The source code used to create, read and analyze scientific and research data is usually created by the researchers as Jupyter notebooks, and must also be preserved, along with the datasets. It is usually the best existing Provenance and Structure metadata for the dataset.

LABDRIVE allows users to keep the Jupyter notebooks in which they have the code that reads and "understands" their data as part of the dataset they are creating.

Before using the Jupyter notebooks feature, make sure that your user has an active API key and S3 credentials already generated. If not, a 403 Forbidden error will be shown while trying to access a notebook.

Create a new digital notebook

When in the Explore Content tab of a Data container, right-click over an empty space in the files area. Select New and then Dynamic Notebook, to create a new notebook.

Upload an existing Jupyter notebook

You can upload any existing Jupyter notebook like any other file, using a file transfer protocol or simply dragging and dropping your file to the LABDRIVE Data Container.

Open an existing Jupyter notebook

To open a Jupyter Notebook, double click the notebook icon you would like to open.

How to use them

For example, lets say you would like to create a function that hashes your files with a new algorithm you would like to use.

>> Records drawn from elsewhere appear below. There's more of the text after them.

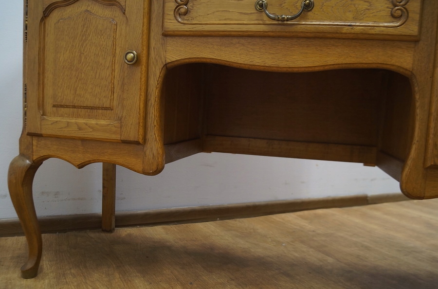 Дві дверцята і ящик. Меблі, прикрашені декоративним різьбленням. На стільниці велике дзеркало.
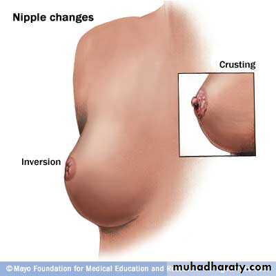 The nipples are inspected for the presence of retraction, inversion, or excoriation.
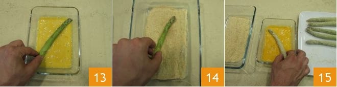 Rinse the asparagus well, pat them dry with a kitchen cloth, and dip them first in the egg beaten with milk 13, then in the breadcrumbs 14, and again in the egg 15.
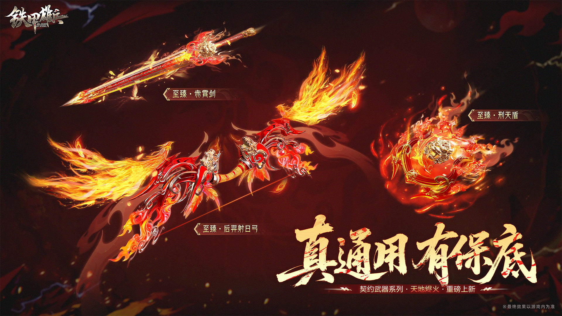 时至今日,神兵恢复灵性,全新契约武器系列“天地烬火”现世!该系列包含六把神兵,本次爆料至臻·后羿射日弓、至臻·赤霄剑(双手剑)、至臻·刑天盾,及系列配饰(头像、底座等)。
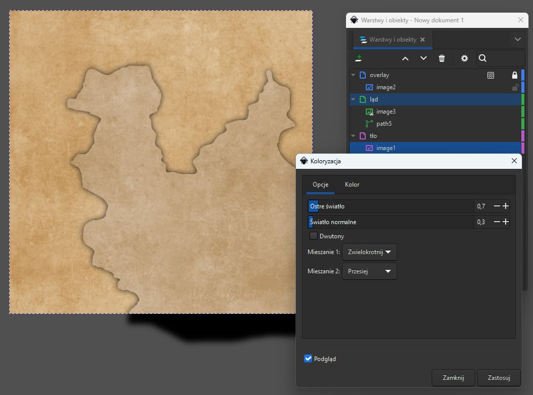 Jak uzyskać efekt “pergaminu” czy jak to nazwać inaczej, po prostu widoczny efekt różnych odcieni brązowej barwy na mapie?

First, you should initialize your function, loading the LIBNOVA LABDRIVE libraries:

#!/usr/bin/env python
# coding: utf-8

import json
import hashlib

from libnova                           import Labdrive, Util
from libnova.Labdrive                  import Nuclio
from libnova.Labdrive.Nuclio           import Request
from libnova.Labdrive.Api              import Driver, Container, File, Job, JobMessage
from libnova.Labdrive.Filesystem       import S3
from libnova.Labdrive.Filesystem.S3    import File as S3File, Storage

If your function is going to be called from a LABDRIVE Function, you will receive some parameters from LABDRIVE every time your function is called, but if you plan to use it inside a Jupyter notebook, you should initialize it by your own:

json_sample = {
	"api": {
		"url": "http://labdrive.libnova.com",
		"key_user": "1234567890abcdefghijklmnopqrstuvwxyz",
		"key_root": "1234567890abcdefghijklmnopqrstuvwxyz"
	},
	"labdrive": {
		"container": {
			"id": "1"
		},
		"user": {
			"id": "1"
		},
		"files": {
			"ids":   [ ],
			"paths": [ ]
		},
		"job": {
			"id": "299"
		},
		"trigger": {
			"id": "0",
			"type": "",
			"regex": ""
		},
		"function": {
			"id": "0",
			"key": ""
		}
	},
	"function_params": {
		"your_custom_parameter": "custom_parameter_value"
	}
}

# Initialize the Request parser
#
# This will automatically parse the data sent by labdrive to this function, like the File ID,
# the Job ID, or the User ID who triggered this function.
#
# It will also initialize the API Driver using the user API Key
request_helper = Labdrive.Nuclio.Request.Request(
    None,
    type('',(object,),{"body": json.dumps(json_sample)})()
)

Every function executes in relation to a (Execution) Job, that is really useful for logging the execution progress. You should initialize it with:

# This will set the current function Job to the status "RUNNING"
request_helper.job_init()

And you can log to it using:

# This will write a new Job Message related with the current function Job
request_helper.log("Sample message", JobMessage.JobMessageType.INFO)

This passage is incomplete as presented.